Exercise aim:
Repeat the lines below exactly as they appear, but leave out the images.

(Extracted records)
▽
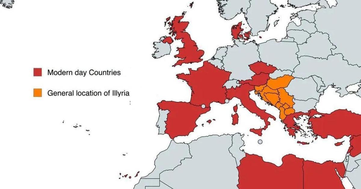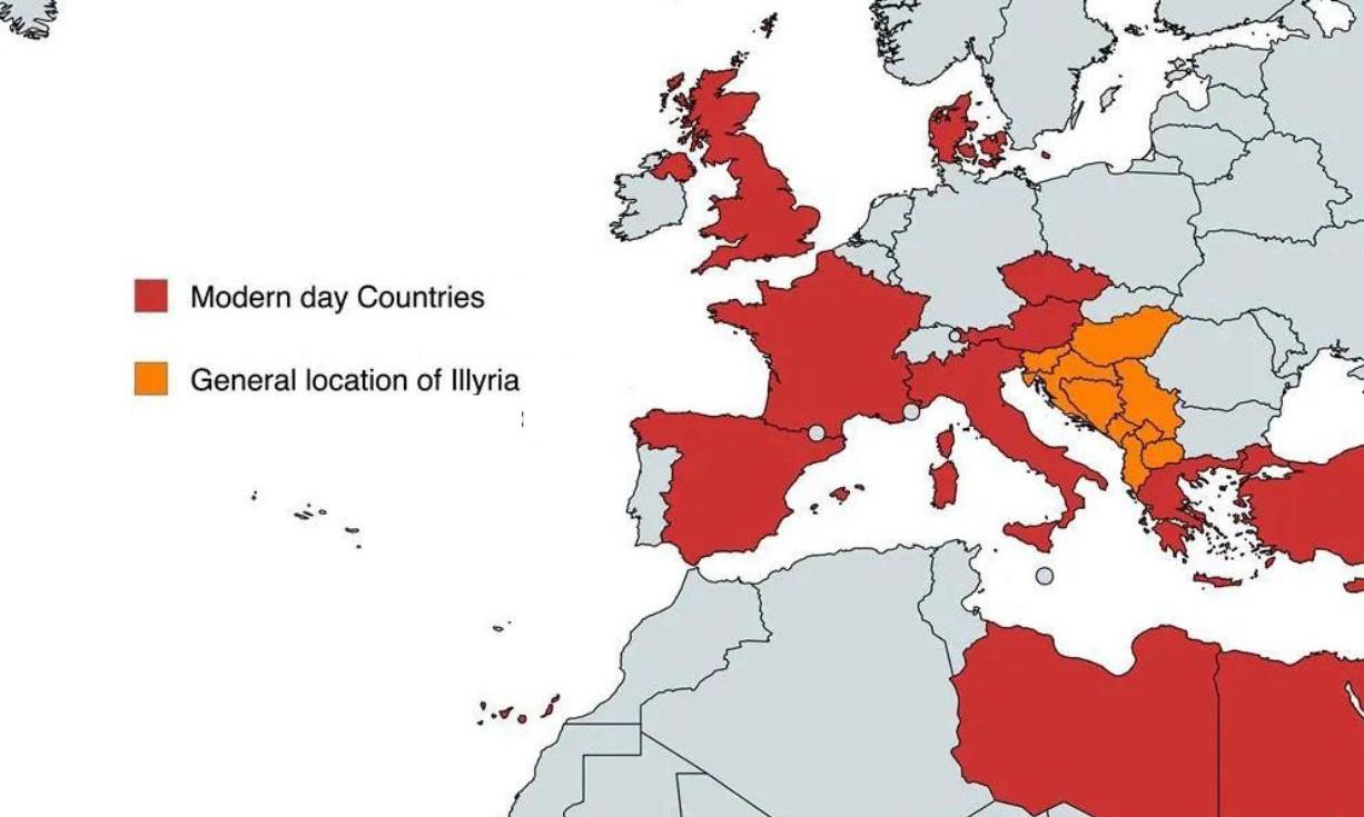 На карте выше по определенному принципу отмечены более десятка государств Европы, Азии и Африки в их современных границах (красным цветом), а также историческая область Иллирия, охватывающая в основном западную часть Балканского полуострова.
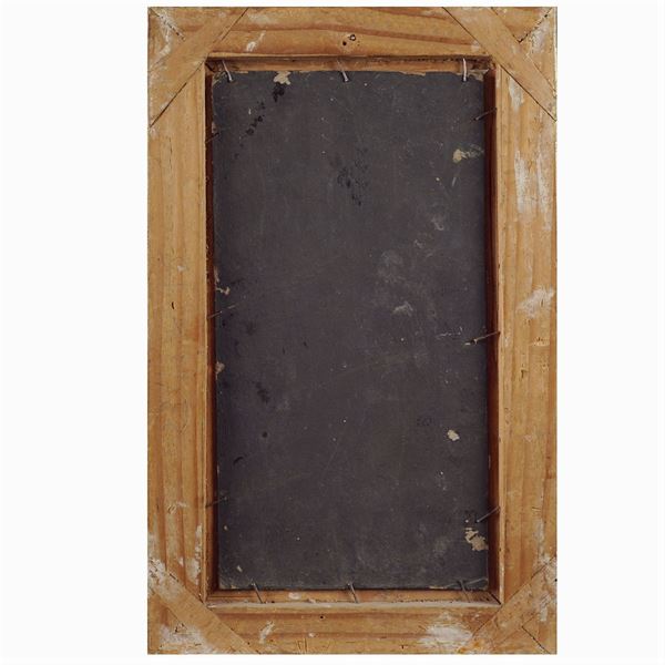 "Portrait of a young lady", oil on cardboard, signed at the top left, within a gilt wooden frame, 28x14 cm.
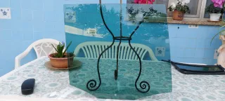 Delizioso carillon vintage con una graziosa statuetta al centro. La base è in ceramica blu decorata con fiori con profili in e disegni in ottone.Il carillon non funzionante da sistemare. - Base in ceramica blu con decorazioni floreali. - Stauetta centrale. - Elementi pendenti in vetro.
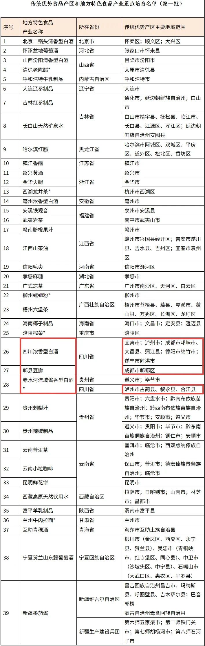 2025年6月4日,工業和信息化部正式發布《首批傳統優勢食品產區和地方特色食品產業重點培育名單》,全國39個特色產業入選。四川濃香型白酒、郫縣豆瓣、赤水河流域醬香型白酒作為川味“金三角”集體上榜,標志著川渝食品工業進入國家戰略培育梯隊。
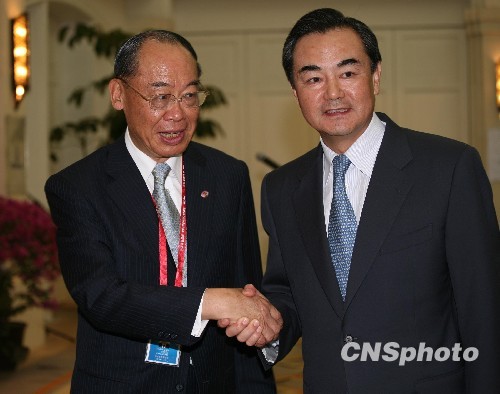 中共中央臺(tái)辦、國務(wù)院臺(tái)辦主任王毅4月10日在海南博鰲為前來出席博鰲亞洲論壇2010年年會(huì)的臺(tái)灣兩岸共同市場基金會(huì)最高顧問錢復(fù)一行舉辦招待酒會(huì)。 中新社發(fā) 王辛莉 攝
△
Answer space:
 На карте выше по определенному принципу отмечены более десятка государств Европы, Азии и Африки в их современных границах (красным цветом), а также историческая область Иллирия, охватывающая в основном западную часть Балканского полуострова.
 "Portrait of a young lady", oil on cardboard, signed at the top left, within a gilt wooden frame, 28x14 cm.
 Delizioso carillon vintage con una graziosa statuetta al centro. La base è in ceramica blu decorata con fiori con profili in e disegni in ottone.Il carillon non funzionante da sistemare. - Base in ceramica blu con decorazioni floreali. - Stauetta centrale. - Elementi pendenti in vetro.
 2025年6月4日,工業和信息化部正式發布《首批傳統優勢食品產區和地方特色食品產業重點培育名單》,全國39個特色產業入選。四川濃香型白酒、郫縣豆瓣、赤水河流域醬香型白酒作為川味“金三角”集體上榜,標志著川渝食品工業進入國家戰略培育梯隊。
 中共中央臺(tái)辦、國務(wù)院臺(tái)辦主任王毅4月10日在海南博鰲為前來出席博鰲亞洲論壇2010年年會(huì)的臺(tái)灣兩岸共同市場基金會(huì)最高顧問錢復(fù)一行舉辦招待酒會(huì)。 中新社發(fā) 王辛莉 攝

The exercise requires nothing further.